# Squealing Tires



## jtkirk161 (Sep 17, 2005)

I have checked for proper tire inflation on my 2005 Altima but they still seem to squeal too much. Has anyone else had this problem? Thanks!!


----------



## Asleep (Jan 19, 2003)

jtkirk161 said:


> I have checked for proper tire inflation on my 2005 Altima but they still seem to squeal too much. Has anyone else had this problem? Thanks!!

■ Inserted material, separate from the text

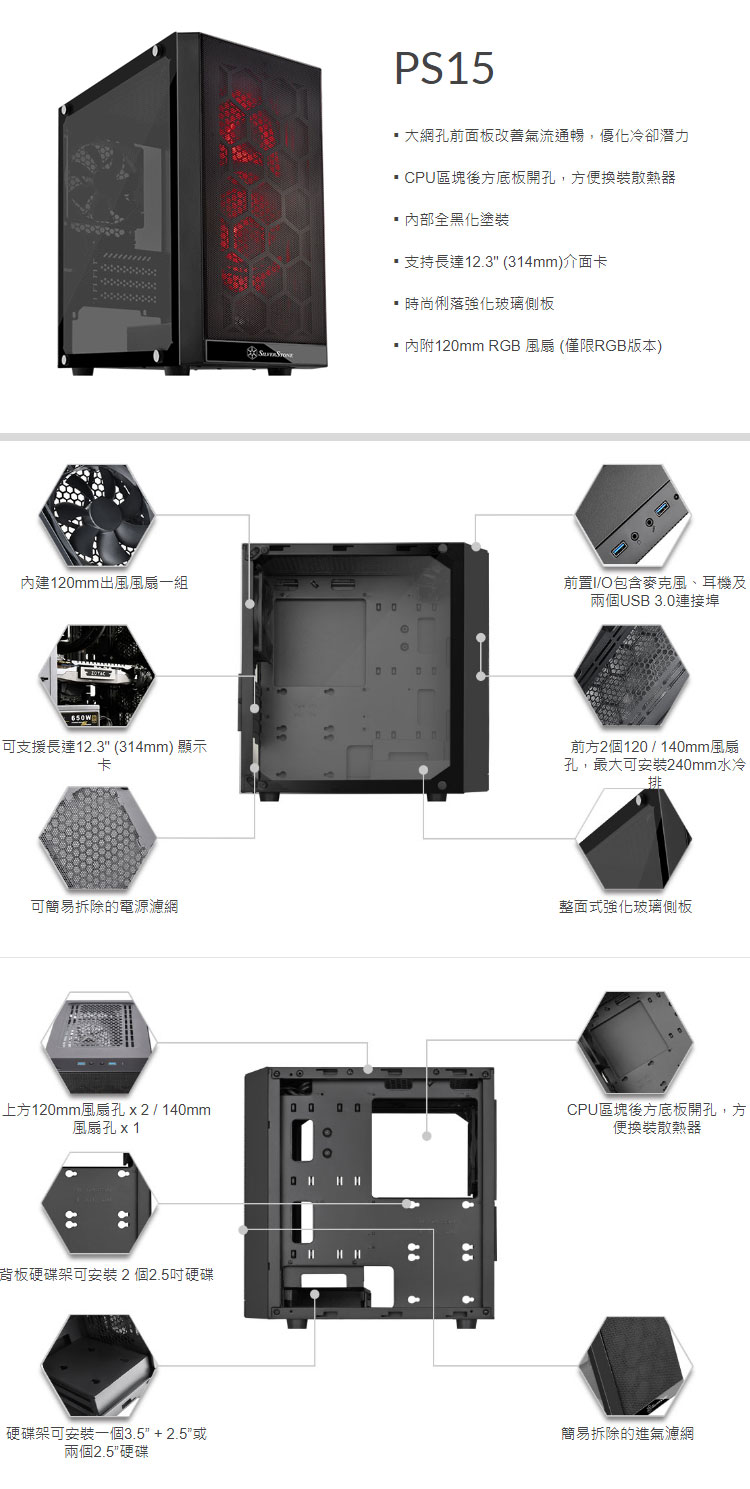 銀欣 PS15 黑 玻璃透側版 顯卡長31.4/CPU高15.4/前12cm*2RGB風扇 後12cm*1 風扇/M-ATX(SST-PS15B-RGB)

for a 2005 model, take it back to the dealer and have it looked at. your alignment could possibly be out of whack.


----------



## LadyBallz (Sep 26, 2005)

yess that happens to both my car and my moms car!!
have you taken it to the dealer??
and do you find any problems with your brakes???
like if youre going at high speeds and try to quickly stop, the car keeps sliding????


----------



## jtkirk161 (Sep 17, 2005)

LadyBallz said:


> yess that happens to both my car and my moms car!!
> have you taken it to the dealer??
> and do you find any problems with your brakes???
> like if youre going at high speeds and try to quickly stop, the car keeps sliding????



It is going to the dealers this week. Yes, it does keep sliding when you try and stop at high speeds but you also have to keep in mind that the car does not have anti-lock brakes. I think the tires are the problem.


----------



## Asleep (Jan 19, 2003)

jtkirk161 said:


> It is going to the dealers this week. Yes, it does keep sliding when you try and stop at high speeds but you also have to keep in mind that the car does not have anti-lock brakes. I think the tires are the problem.


ive only owned one car with anti-lock brakes and have never had a problem like youre describing with my non-abs vehicle. the air pressure that you checked - was that to what the owners manual said?


----------



## jtkirk161 (Sep 17, 2005)

AsleepAltima said:


> ive only owned one car with anti-lock brakes and have never had a problem like youre describing with my non-abs vehicle. the air pressure that you checked - was that to what the owners manual said?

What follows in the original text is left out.